The solution. The easiest is for there to be quick and easy changes to the Tax Administration Act in the coming Finance Bill allowing taxpayers to explicitly challenge such demand notices and agency notices, failure of which the practice will continue. It is for the business community to pursue this with their associations and organizations to be effectively heard. However, taxpayers can also consider challenging the constitutionality of such an approach by the TRA, and leave it on the Courts to decide whether this practice is constitutional or not.

Having said that, it must be reiterated that taxpayers must support the socio-economic development of our country by paying their taxes fairly and timely, and there are still many traders and businessmen who remain uncompliant.
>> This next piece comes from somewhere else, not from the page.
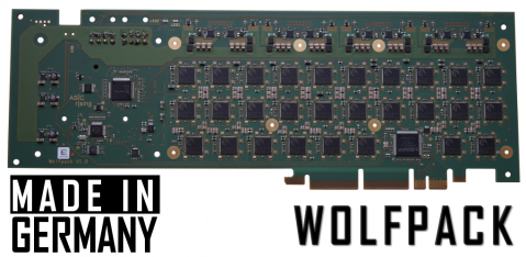 Wolfblood xE inherits all the good features from its predecessor and enhances them: Fine-grained frequency stepping, adaptive voltage control, small footprint and standard IO interfaces all together enable both power-efficient mining at the lowest energy per GH ratio as well as power mining with the highest GH/s density at competitively low power consumption.
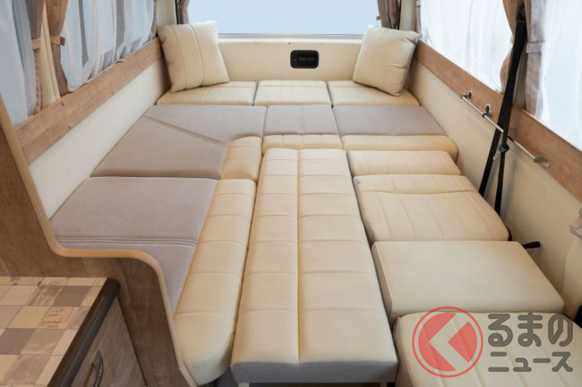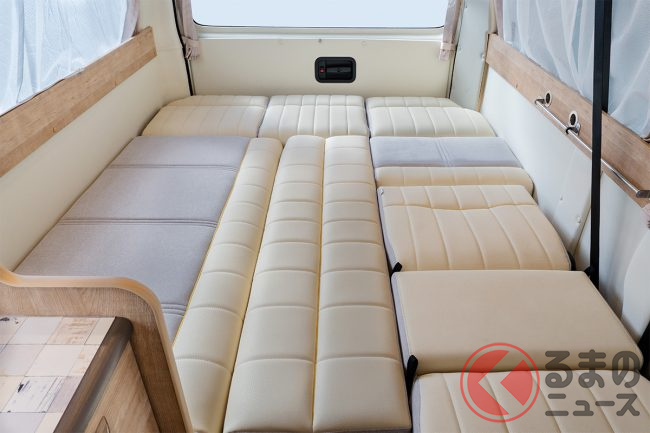 就寝時にはサイドソファと組み合わせてベッドスペースを展開が可能で、大人2名と子供1名がゆったりと休めるサイズ感です。なお就寝定員は3名。乗車定員は6名で、普段使いにも対応できる設計です。

However, and as stated before, that does not mean that the taxpayer should be denied a right to be heard.

Parental responsibility after adoption

I am an adopted child and my adoptive parents have maintained a close relationship with my biological parents. Some people say I have been blessed with two sets of parents. They each take care of my needs and share responsibility for my education. What does the law say about parental responsibility after adoption? Please guide me.
RF, Morogoro

It is good to hear that you have people who care for you. The Law of the Child Act [Cap. 12 R.E 2019] (the Act) governs matters of adoption in Mainland Tanzania. According to section 64 of the Act, when an adoption order is made (a) the rights, duties, obligations and liabilities including those under customary law of the parents of the child or any other person connected with the child of any nature whatsoever shall cease; and (b) the adoptive parent of the child shall assume the parental rights, duties, obligations and liabilities of the child with respect to custody, maintenance and education as if the child was born to the adoptive parent in a lawful wedlock and was not the child of any other person.

Therefore, the adoption essentially shifts parental rights and responsibilities from the biological parents to the adoptive parents. The law does not recognise the arrangement of sharing responsibility between adoptive parents and biological parents.